Pamela Ronald is a noted UC Davis plant pathologist and geneticist. She and her research team have isolated genes from rice that are disease-resistant and can tolerate floods.When inserted into rice plants, these genes enhance existing plants, helping farmers produce “high-yield harvests” in parts of the world where rice is a staple, yet vulnerable, crop. In 2014, it’s estimated that “four million subsistence farmers in seven countries fed millions of people by planting seeds that carry a gene Ronald and her collaborators isolated.”
But Ronald’s success is not only limited to genetic science. She’s also helping to bridge the gap between genetic engineering and organic farming by promoting a kind of sustainable agriculture that draws on both philosophies (and practices). “Only by combining elements of each, she contends, will we have a chance of feeding the world’s swelling population (expected to reach 9.2 billion by 2050) while also protecting the planet’s natural resources and countenancing the effects of climate change.”

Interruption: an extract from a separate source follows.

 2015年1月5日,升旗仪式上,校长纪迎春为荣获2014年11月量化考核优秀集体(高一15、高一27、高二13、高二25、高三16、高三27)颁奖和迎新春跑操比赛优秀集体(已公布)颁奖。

Jeremy Berlin reports for National Geographic:
…as Ronald sees it, plant geneticists and organic farmers aren’t enemies. In fact, they can be bedfellows: Her husband, Raoul Adamchak, is an organic farmer and co-author, with Ronald, of Tomorrow’s Table: Organic Farming, Genetics, and the Future of Food. Praised by Bill Gates and Michael Pollan, their book argues for an integrated theory of agriculture in which “organic farming and genetic engineering each will play an increasingly important role,” rather than being unnecessarily pitted against each other.

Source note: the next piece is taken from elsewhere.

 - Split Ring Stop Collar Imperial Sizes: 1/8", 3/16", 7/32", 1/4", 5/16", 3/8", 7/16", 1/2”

“All this arguing about what’s genetically modified is a big distraction from the really important goals,” says Ronald. “We need to produce safe and nutritious food that consumers can afford and farmers can make a profit from. And we need agricultural practices that enhance soil fertility and crop biodiversity, use land and water efficiently, reduce use of toxic compounds, reduce erosion, and sequester carbon. I think most everyone agrees on those general principles.”
The work of Ronald’s husband, Raoul Adamchak (he teaches at UC Davis’ certified organic farm, which is operated by the Agricultural Sustainability Institute), is also discussed. His opinion? “And, not or.”
“I think of genetic engineering as an extension of plant breeding,” says Adamchak. “Manipulating genes in a lab is analogous to a mutation that could occur in nature. If the mutation is beneficial, it’s selected by the farmer or the environment. So I view genetic engineering as an intentional mutation.”
This is a fascinating, must-read piece that focuses on Ronald’s work in rice (which in some ways, serves as a case study to explore the history of genetic engineering). Ronald’s experiences as a female pioneer in her field are also revealed in the article. The bonus? An excellent explanation of genetic engineering, a larger context for the application of the science, an introduction to the important work of other people, video links and lavish photography.
Ronald’s work is part of the University of California’s Global Food Initiative, which seeks to address one of the most compelling issues of our time: how to sustainably and nutritiously feed a growing world population.